Harry Griffiths (1895–1987) was a Christian minister who worked for the Methodist Inland Mission in Alice Springs, Northern Territory, Australia. He is remembered for establishing Griffiths House as well as designing and opening the ANZAC Hill memorial.

== Early life ==
Harry Griffiths was born in England in 1895. He married Dorothy, after he was invalided out of the British Army for injuries received as a medical orderly serving in France during World War I. Griffiths was advised to move to a warmer climate and, not qualifying for assistance, he and Dorothy saved for the fares and initially settled in Melbourne, Australia. When in Melbourne, Griffiths became a home missionary and started the process to become ordained; during this process he was appointed to Katherine, Northern Territory.
== Life in the Northern Territory ==
In Katherine, Griffiths went on patrols in the local area, often assisted by Dorothy, who also helped isolated children with their correspondence lessons and taught Sunday school.
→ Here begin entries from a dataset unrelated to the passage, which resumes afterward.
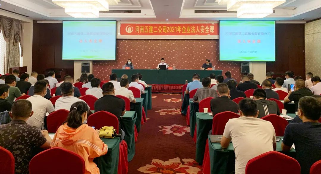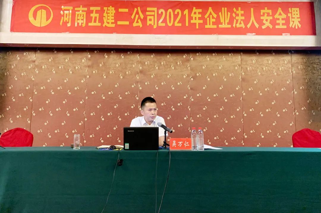 為全面深入開展第20個全國“安全生產(chǎn)月”活動,日前, 河南五建二公司在中樂百花酒店三樓會議廳舉辦了2021年企業(yè)法人安全課,公司董事長、總經(jīng)理吳萬仁以法人代表的身份親自授課。公司董事會、經(jīng)理班子成員、各部門、二級機構(gòu)負責人及各項目部項目經(jīng)理、技術(shù)負責人、專職安全管理人員等共一百余人參加了課程。
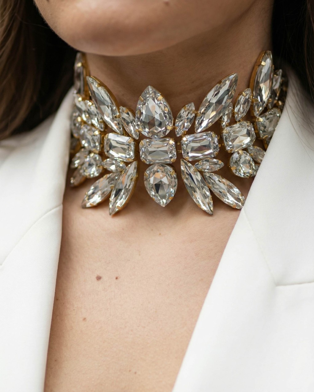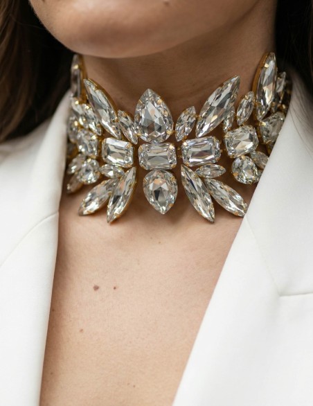 Collana girocollo dal design audace e scenografico, impreziosita da cristalli sfaccettati di diverse dimensioni disposti in una composizione geometrica a raggiera. Realizzata con pietre decorative in vetro e montatura in metallo, questa statement necklace presenta un effetto luminoso altamente rifrangente. La struttura rigida offre una vestibilità strutturata che valorizza la zona del décolleté, ideale per outfit eleganti e occasioni speciali.
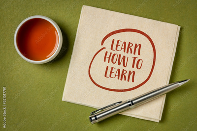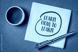 learn how to learn inspirational note note on a napkin with a cup of tea, education and personal development concept
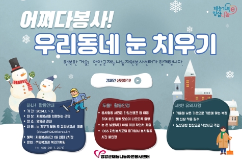 눈 치우기와 자원봉사를 결합한 이번 캠페인은, 영암군민의 참여로 눈 피해 최소화, 생활 불편 해소, 보행자 안전 확보 등을 모색하는 활동.
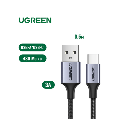 НАЙТИ ВЫГОДНЕЕ - Кабель UGREEN US288 USB-A to Type C 3A в оплетке 0.5 м, цвет черный (60125)
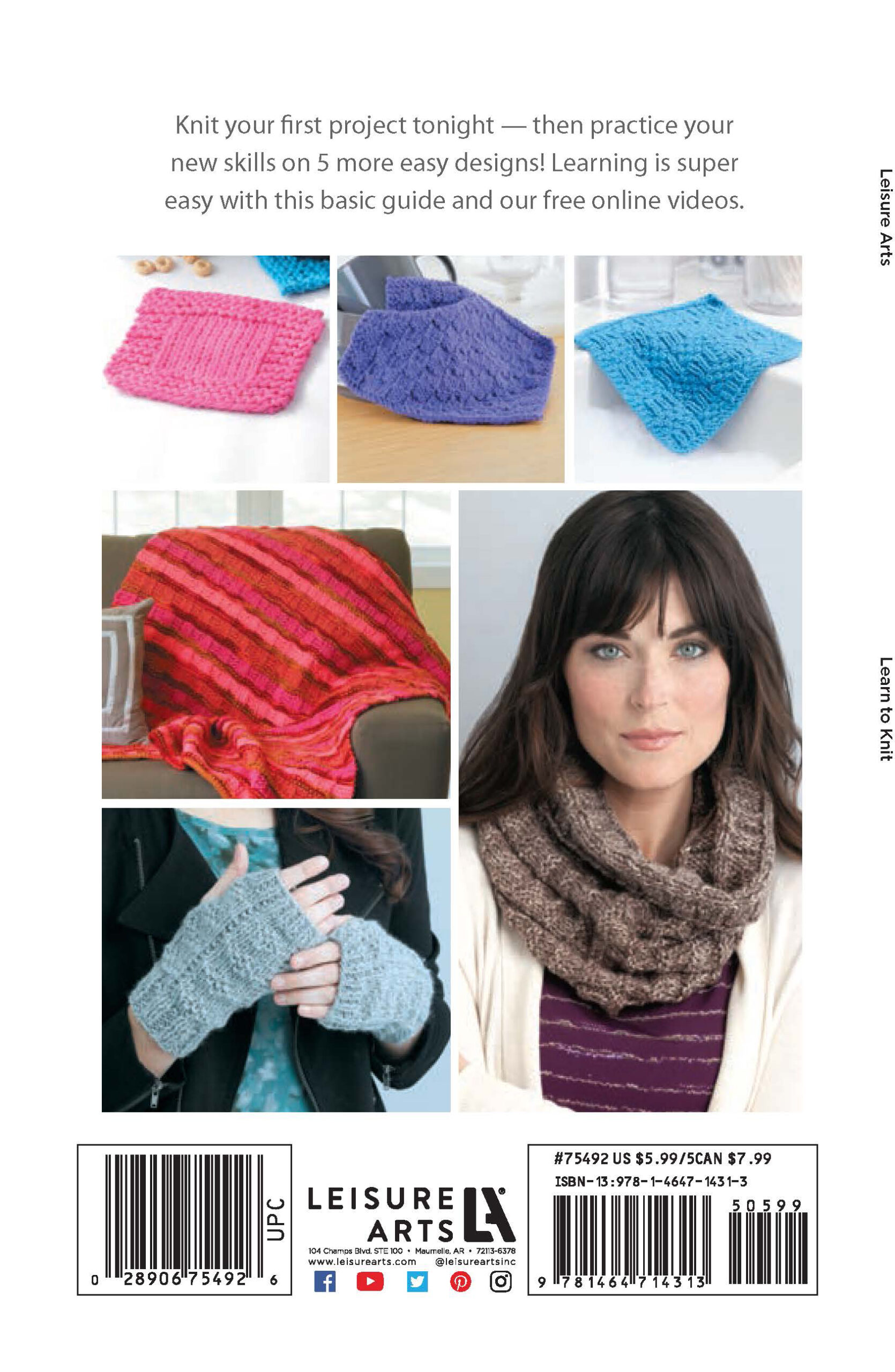 Learn To Knit- A classic skill with a modern feel, knitting is easy to learn. Get started on the basics while making a simple coaster. Follow the clear instructions and diagrams. Practice with five more projects which include a spa cloth, dishcloth, hand mitts, reversible cowl and throw. Throw uses size 6 super bulky yarn and size 10 knitting needles. All other projects use size 4 medium weight yarn and size 6 or 8 knitting needles. 48 pages in a softcover.
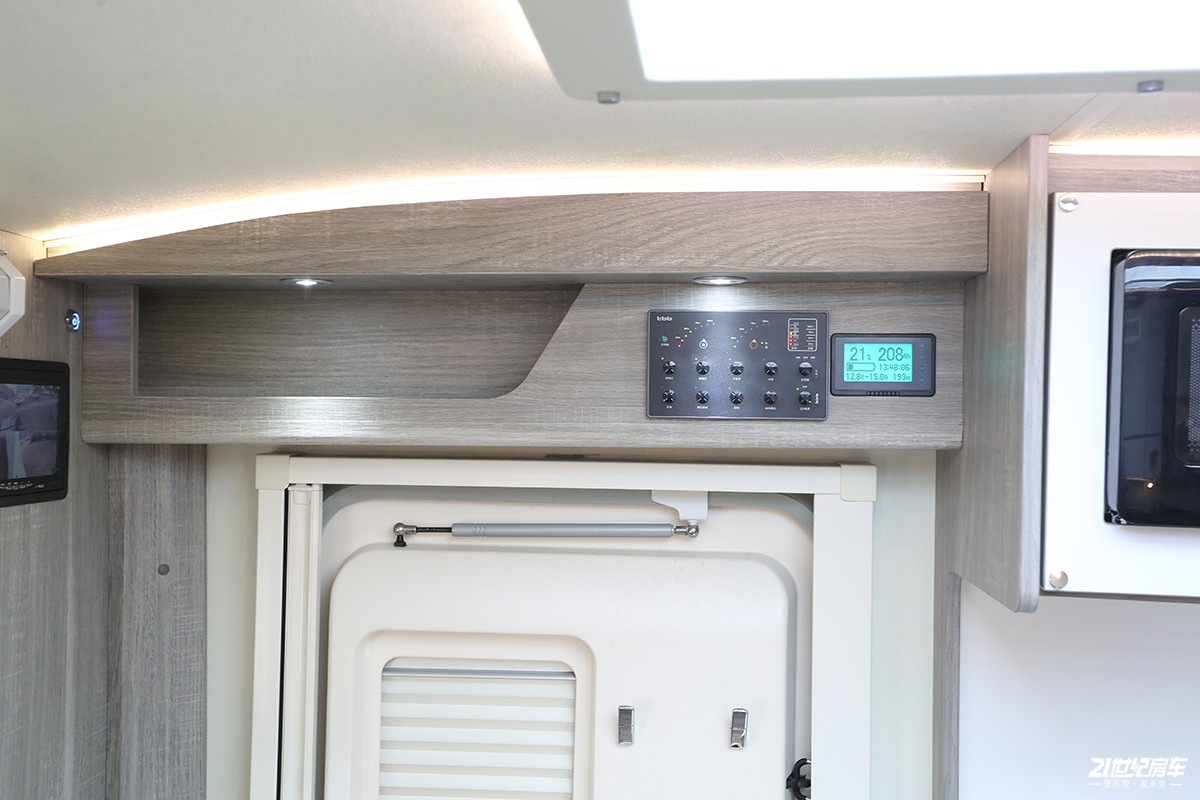 乘客中门顶部是一款拓宝按压式薄膜总控制面板,右侧是生活电瓶的库仑计。电路系统方面,新车标配12V 1000Ah锂电池(12度电),3000W充逆变一体机,600W太阳能电池板硬板。
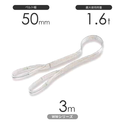 お気軽にお問い合わせくださいませ!国産ナイロンスリング WWシリーズ(未染色) 両端アイ形(E型)幅50mm×3m 使用荷重:1.6t 丸善織物
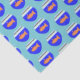 This awesome tissue paper features a fun orange Christmas goldfish wearing a festive santa hat. The goldfish is swimming in the blue water of its goldfish bowl. The fish has decorated the top of the bowl with red and green bunting flags that spell out the message "Merry Fishmas". This fun seasonal fish is ready for a big Christmas party.
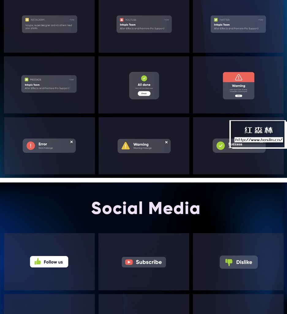 适用于任何视频的100多种时尚元素。该模板易于使用,只需将其拖放到您的项目中即可。您可以自定义任何元素,调整大小、位置、颜色等等。包括:19个通知动画,11张笑脸,38个社交媒体图形包装,10种短信弹窗,38个小工具等。
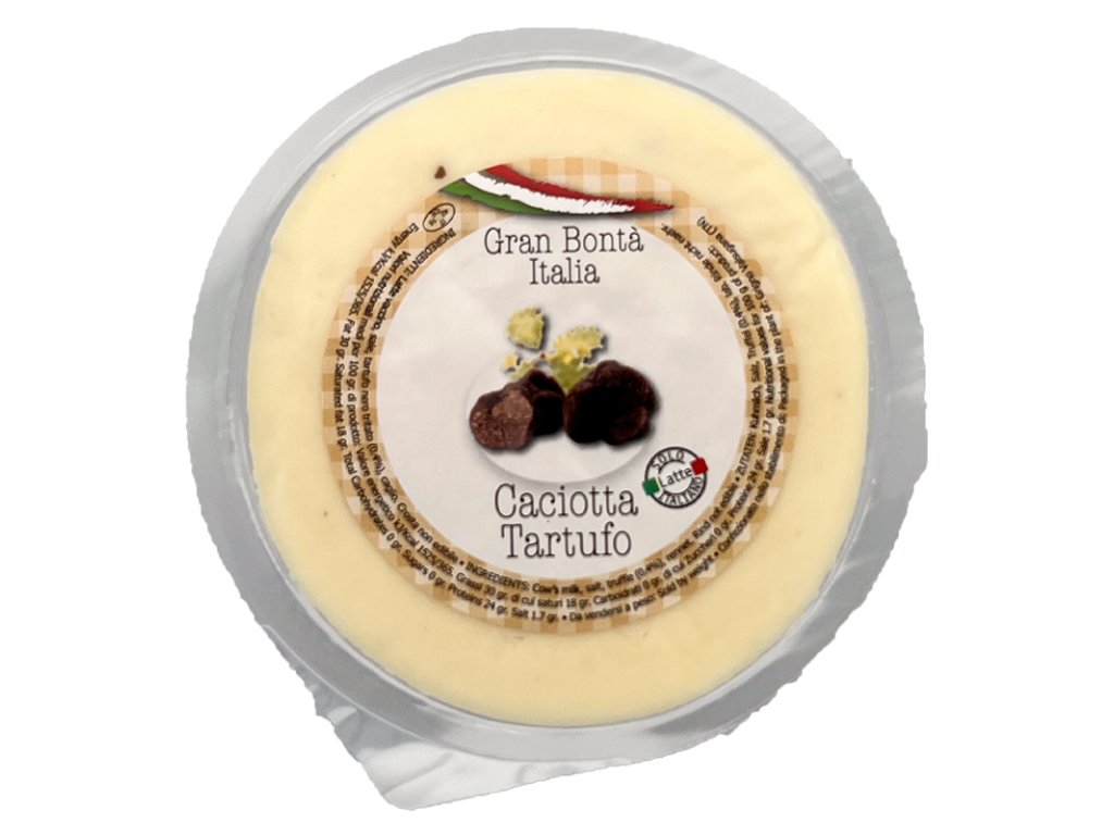 Caciotta Tartufo, poloměkký kravský sýr s lanýžem, 150 g je exkluzivní specialita z italské sýrárny Monti Trentini, vyrobená z prvotřídního kravského mléka a obohacená o kousky černého letního lanýže.
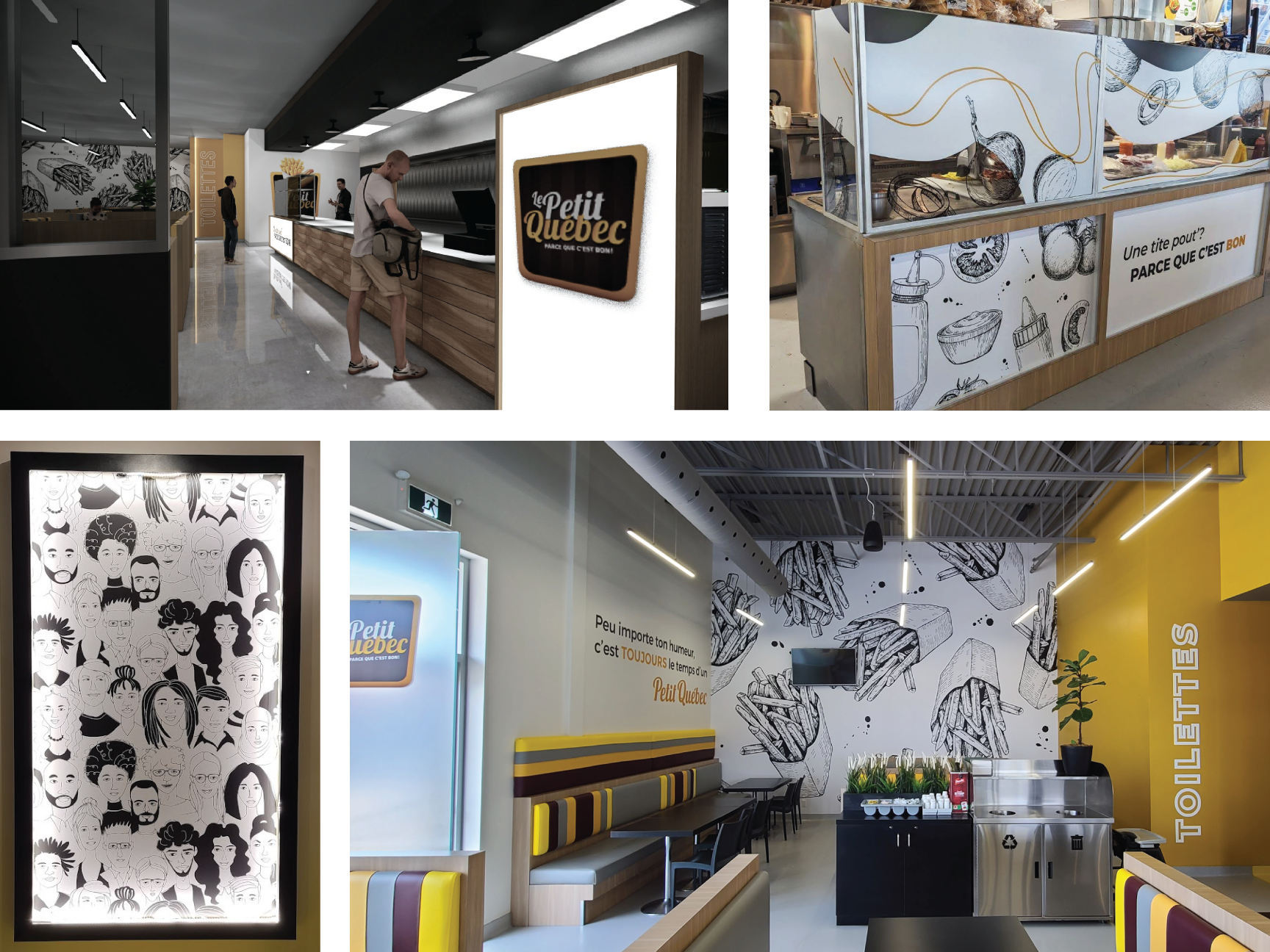 Conception de visuels de signalisation conformes au branding corporatif et aux directives architecturales. Une approche standardisée permettant un déploiement uniforme et reproductible à travers l’ensemble des établissements de la chaîne.
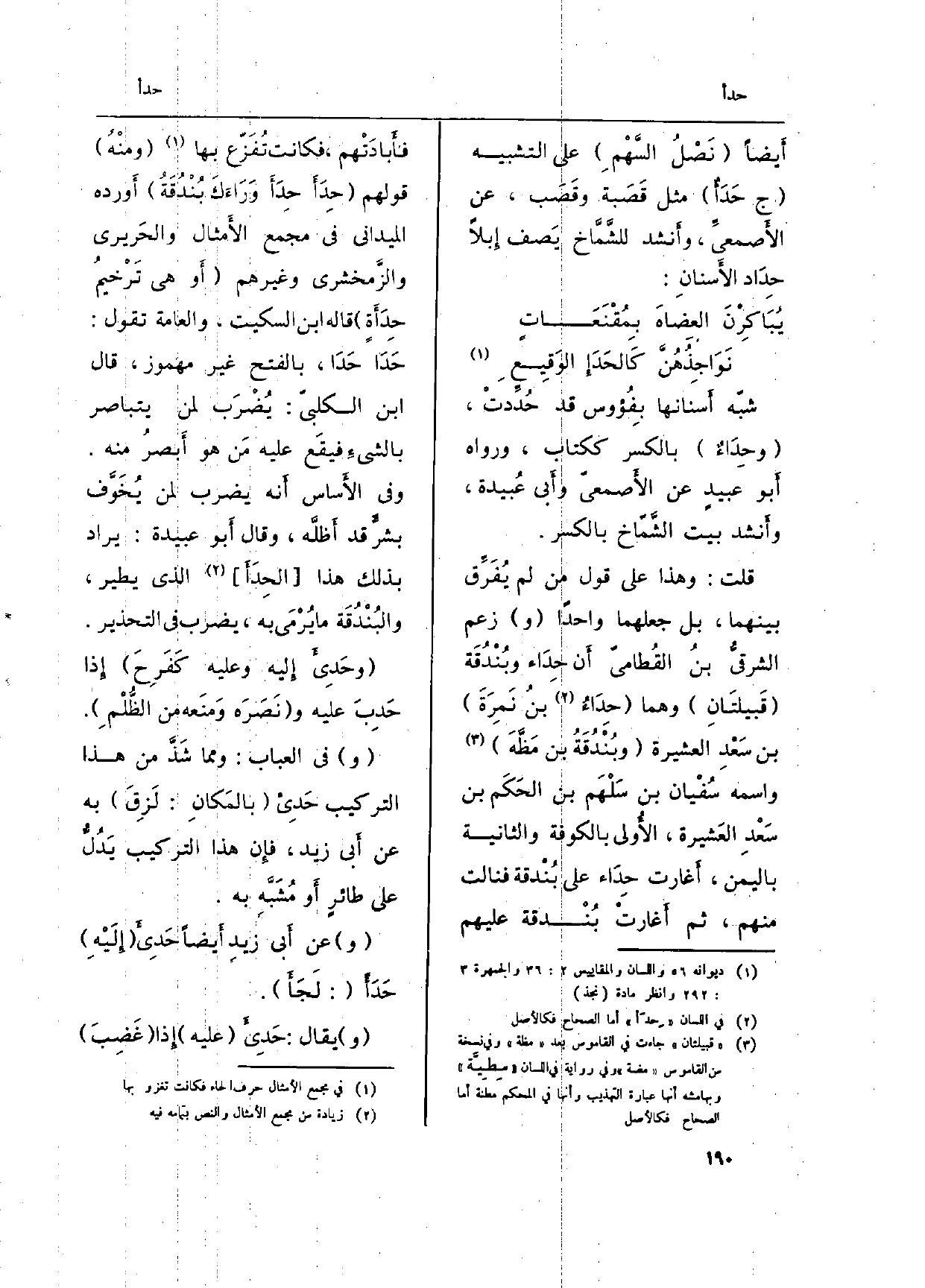قلت: وَهَذَا على قَول من لم يُفَرِّق بَينهمَا، بل جَعلهمَا وَاحِدًا (و) زعم الشرقيُّ بنُ القُطاميّ أَن حِدَاء وبُنْدُقَة (قَبيلتَانِ) وهما (} حِدَاءُ بنُ نَمِرَةَ) بن سَعْدِ الْعَشِيرَة (وبُنْدُقَةُ بن مَظَّهَ) واسْمه سُفْيان بن سَلْهَم بن الحَكَم بن سَعْدِ العَشيرة، الأُولى بِالْكُوفَةِ وَالثَّانيَِة بِالْيمن، أَغارت حِدَاء على بُنْدقة فنالت مِنْهُم، ثمَّ أَغارتْ بُنحدقة عَلَيْهِم فأَبادَتْهم، فَكَانَت تُفَزّع بهَا (ومنْهُ) قَوْلهم ( {حِدَأَ حِدَأَ وَرَاءَكَ بُنْدُقَةُ) أَورده الميداني فِي مجمع الأَمثال والحَريري والزَّمخشري وَغَيرهم (أَو هِيَ تَرْخيمُ} حِدَأَةٍ) قَالَه ابْن السّكيت، والعامة تَقول: {حَدَا حَدَا، بِالْفَتْح غير مَهْمُوز، قَالَ ابْن الكلبيّ: يُضْرَب لمن يتباصر بالشيءِ فيقَع عَلَيْهِ مَن هُوَ أَبصرُ مِنْهُ. وَفِي الأَساس أَنه يضْرب لمن يُخَوَّف بشرَ قد أَظلَّه، وَقَالَ أَبو عُبَيْدَة: يُرَاد بذلك هَذَا (} الحِدَأَ) الَّذِي يطير، والبُنْدُقَة مَا يُرْمَى بِهِ، يضْرب فِي التحذير.
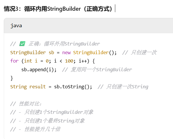 循环内或大量拼接 :必须用StringBuilder,并且要在循环外创建。

The couple lived at the manse, which they frugally furnished with beer cartons and tea crates.

Immediately following Griffiths' ordination, the couple were moved to Alice Springs where, in addition to his work as a minister, he offered medical and dental help; he went as far as to use his International work truck as an ambulance.

Shortly after their arrival Griffiths, as chairman of the trustees of the Returned and Services League of Australia, lobbied for the flat area around (what is now known as) ANZAC Hill to be set aside as a recreational reserve, and also suggested a memorial be erected on top of ANZAC Hill. He designed the memorial and opened and dedicated it with a public address on ANZAC Day, 25 April 1934.

With the outbreak of World War II, Griffiths was commissioned as an army chaplain and during the war worked in the Northern Territory, Victoria, and Palestine. During the war Griffiths started work on the construction of Griffiths House, which was originally designed to be a hostel for young single people who had moved to Alice Springs for work, but by the time it was opened (on 5 July 1941), plans had already changed and it was immediately converted in to a social club for soldiers stationed in Alice Springs. After the war, and opening in 1945, the house was converted to provide hostel accommodation for children from remote areas of Central Australia so that they could attend school.

Griffiths was also chairman of the Alice Springs Progress Association.

== Later life and death==

Griffiths and his wife left Alice Springs in 1952 and moved to Murray Bridge, South Australia. Griffiths died in 1987, and his ashes were buried at ANZAC Hill.